Obviously, you can’t visit 400 million e-commerce pages extract the info by hand, so that’s where web data extraction tools come in to help you out.

This guide will show you:

  • What product and pricing data is, and what it looks like
  • Examples of product data from the web
  • Some tools to extract some data yourself
  • How to acquire this type of data at scale
  • Examples of how and why industries are using this data

What is Scraped Product Data?

“Scraped product data is any piece of information about a product that has been taken from a product web page and put into a format that computers can easily understand.”

This includes brand names, prices, descriptions, sizes, colors, and other metadata about the products including reviews, MPN, UPC, ISBN, SKU, discounts, availability and much more. Every category of product is different and has unique data points. The makeup of a product page, is known as its taxonomy.

So what does a product page look like when it is converted to data?

You can see what these look like for any e-commerce page, by pasting a URL into the free diffbot automatic product scraper.

For example, this listing from the amazon:

Becomes this:

Or in the Json view

If you’re not a programmer or data scientist, the JSON view might look like nonsense. What you are seeing the data that have been extracted and turned into information that a computer can easily read and use.

What types of product data are there?

Imagine all the different kinds of products out there being sold online, and then also consider all the other things which could be considered products — property, businesses, stocks and, and even software!

So when you think about product data, it’s important to understand what data points there are for each of these product types. We find that almost all products fit into a core product taxonomy and then branch out from there with more specific information.

Core Product Taxonomy

Almost every item being sold online will have these common attributes:

  • Product name
  • Price
  • Description
  • Product ID

You might also notice that there are lots of other pieces of information available, too. For example, anyone looking to do pricing strategy for fashion items will need to know additional features of the products, like what color, size, and pattern the item is.

Product Taxonomy for Fashion

Clothing Items may also include

  • Core Taxonomy plus
  • Discounted Price
  • Image(s)
  • Availability
  • Brand
  • Reviews
  • colors
  • Size
  • Material
  • Specifications
    • Collar = Turn Down Collar
    • Sleeve =Long Sleeve
    • Decoration = Pocket
    • Fit_style = Slim
    • Material = 98% Cotton and 2% Polyester
    • Season = Spring, Summer, Autumn, Winter

What products can I get this data about?

Without wishing to create a list of every type of product on sold online, here are some prime examples that show the variety of products is possible to scrape.

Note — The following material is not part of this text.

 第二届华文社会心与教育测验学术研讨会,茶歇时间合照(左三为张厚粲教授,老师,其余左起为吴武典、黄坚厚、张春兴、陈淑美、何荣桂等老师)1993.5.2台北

  • E-commerce platforms (Shopify, woocommerce, wpecommerce)
  • Marketplace platforms (Amazon, eBay, Alibaba)
  • Bespoke e-commerce (any other online store)
  • Supermarket goods and Fast Moving Consumer Goods
  • Cars and vehicles (Autotrader, etc.)
  • Second-hand goods (Gumtree, Craigslist)
  • Trains, planes, and automobiles (travel ticket prices)
  • Hotels and leisure (Room prices, specs, and availability)
  • Property (buying and renting prices and location)

How to Use Product Data

This section starts with a caveat. There are more ways to use product data than we could ever cover in one post. however here are;

Four of our favorites:

  • Dynamic pricing strategy
  • Search engine improvement
  • Reseller RRP enforcement
  • Data visualization

Data-Driven Pricing Strategy

Dynamic and competitive pricing are tools to help retailers and resellers answer the question: How much should you charge customers for your products?

The answer is long and complicated with many variables, but at the end of the day, there is only really one answer: What the market is will to pay for it right now.

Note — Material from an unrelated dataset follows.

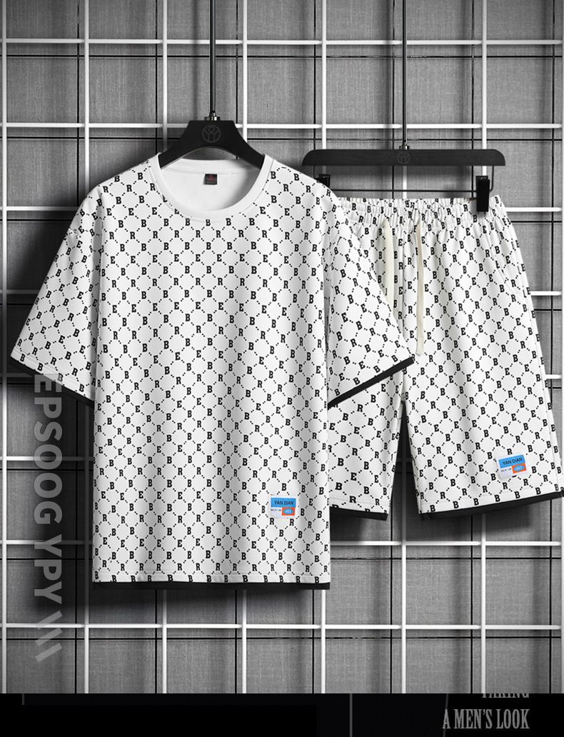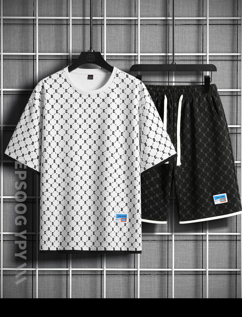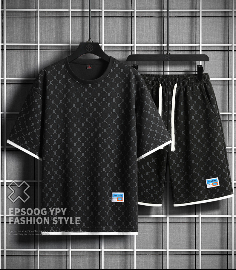 세트 남자 여름 중립 패션 짧은 T 느슨한 올 매치 최고 캐주얼 학생 반바지 스포츠 투피스 세트스토어 가기

Not super helpful, right? This is where things get interesting. The price someone is willing to pay is made up of a combination of factors, including supply, demand, ease, and trust.

In a nutshell

Increase prices when:

  • When there is less competition for customers
  • You are most trusted brand/supplier
  • The easiest supplier to buy from

Reduce prices when:

  • When there is more competition for customers, from many suppliers driving down prices
  • Other suppliers are more trusted
  • Other suppliers are easier to buy from

Obviously, this is an oversimplification, but it demonstrates how if you know what the market is doing you can adjust your own pricing to maximize profit.

When to set prices?

The pinnacle of pricing strategy is in using scraped pricing data to automatically change prices for you.

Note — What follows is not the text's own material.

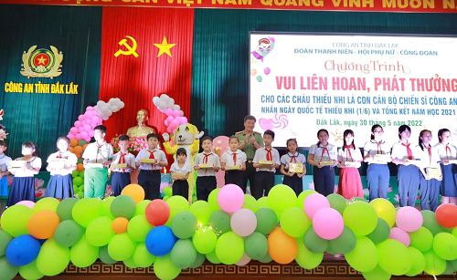 Bên cạnh đó, ngày 31/5/2022, Công an tỉnh đã tổ chức các hoạt động vui chơi, liên hoan, sinh hoạt văn nghệ và tặng quà khen thưởng cho các em thiếu nhi, học sinh là con em đồng bào Buôn Tu, xã Ea Tul, huyện Cư M’gar - buôn kết nghĩa với Công an tỉnh nhân Ngày Quốc tế thiếu nhi và tổng kết năm học vừa qua nhằm động viên, khuyến khích các cháu tiếp tục rèn luyện, phấn đấu đạt được nhiều thành tích cao trong học tập.

Some big brands and power sellers us dynamic pricing algorithms to monitor stock levels of certain books (price tracked via ISBN) on sites like Amazon and eBay, and increase or decrease the price of a specific book to reflect its rarity.

They can change the prices of their books by the second without any human intervention and never sell an in-demand item for less than the market is willing to pay.

Great example:

When the official store runs out of stock (at £5)

The resellers can Ramp up pricing on Amazon by 359.8% (£21.99)

Creating and Improving Search Engine Performance

Search engines are amazing pieces of technology. They not only index and categorize huge volumes of information and let you search, but some also figure out what you are looking for and what the best results for you are.

Product data APIs can be used for search in two ways:

  • To easily create search engines
  • To improve and extend the capabilities of existing search engines with better data

How to quickly make a product search engine with diffbot

You don’t need to be an expert to make a product search engine. All you need to do is:

  • Get product data from websites
  • Import that data into a search as a service tool like Algolia
  • Embed the search bar into your site

What kind of product data?

Most often search engine developers are actually only interested in the products they sell, as they should be, and want as much data as they can get about them. Interestingly, they can’t always get that from their own databases for a variety of reasons:

  • Development teams are siloed and they don’t have access, or it would take too long to navigate corporate structure to get access.
  • The database is too complex or messy to easily work with
  • The content in their database is full of unstructured text fields
  • The content in their database is primarily user-generated
  • The content in their database doesn’t have the most useful data points that they would like, such as review scores, entities in discussion content, non-standard product specs.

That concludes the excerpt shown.